- Task objective
Retype each line of the material below word for word; pictures stay out.

- Input data
◇ ◇ ◇ ◇ ◇ ◇ ◇
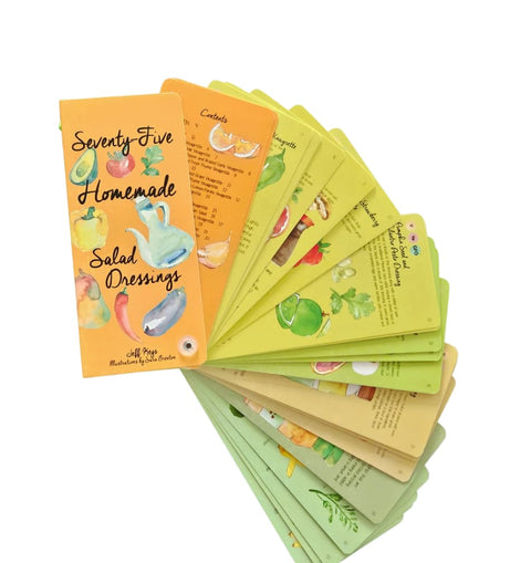 Discover endless ways to dress up your salads with Seventy-Five Homemade Salad Dressings by Jeff Keys, featuring cheerful watercolor illustrations by Sara Brenton. This compact, fan-style flip book opens into a full spread of bright, easy-to-follow recipes—perfect for quick inspiration in the kitchen.
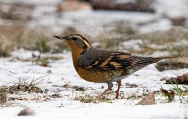 Christine Goddard of Sudbury photographed a Varied Thrush near her feeders the day before New Year’s Eve. It was the second found in New England in December. It appeared around the same time that one in Rhode Island, about 40 miles to the south, stopped showing up after a week-plus of sightings. The two were clearly different individuals—the Rhode Island bird was male and the one in Massachusetts was a female. Christine’s thrush was still visiting just before press time. Sam Zhang took the photo above.
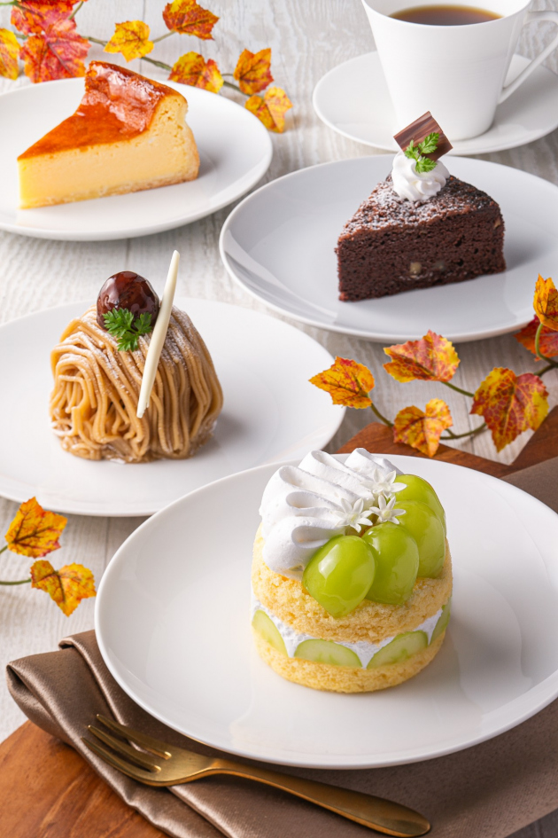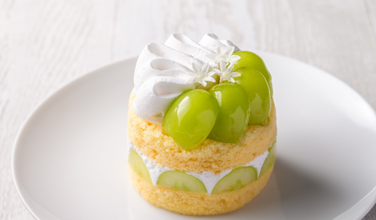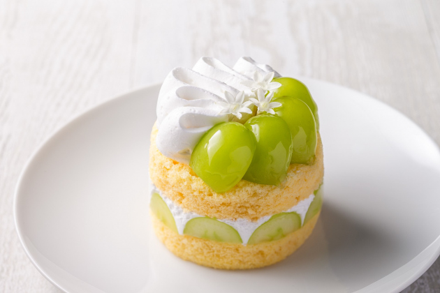 艶やかに輝くマスカットと、純白のクリーム。色彩のコントラストが美しく、カットした断面までうっとりするような仕上がりに。みずみずしい果実の甘さと、軽やかな口あたりのクリームが楽しめる、ベイサイドテラスのパティシエが贈る季節限定ケーキです。
◇ ◇ ◇ ◇ ◇ ◇ ◇
- Output of the task
 Discover endless ways to dress up your salads with Seventy-Five Homemade Salad Dressings by Jeff Keys, featuring cheerful watercolor illustrations by Sara Brenton. This compact, fan-style flip book opens into a full spread of bright, easy-to-follow recipes—perfect for quick inspiration in the kitchen.
 Christine Goddard of Sudbury photographed a Varied Thrush near her feeders the day before New Year’s Eve. It was the second found in New England in December. It appeared around the same time that one in Rhode Island, about 40 miles to the south, stopped showing up after a week-plus of sightings. The two were clearly different individuals—the Rhode Island bird was male and the one in Massachusetts was a female. Christine’s thrush was still visiting just before press time. Sam Zhang took the photo above.
 艶やかに輝くマスカットと、純白のクリーム。色彩のコントラストが美しく、カットした断面までうっとりするような仕上がりに。みずみずしい果実の甘さと、軽やかな口あたりのクリームが楽しめる、ベイサイドテラスのパティシエが贈る季節限定ケーキです。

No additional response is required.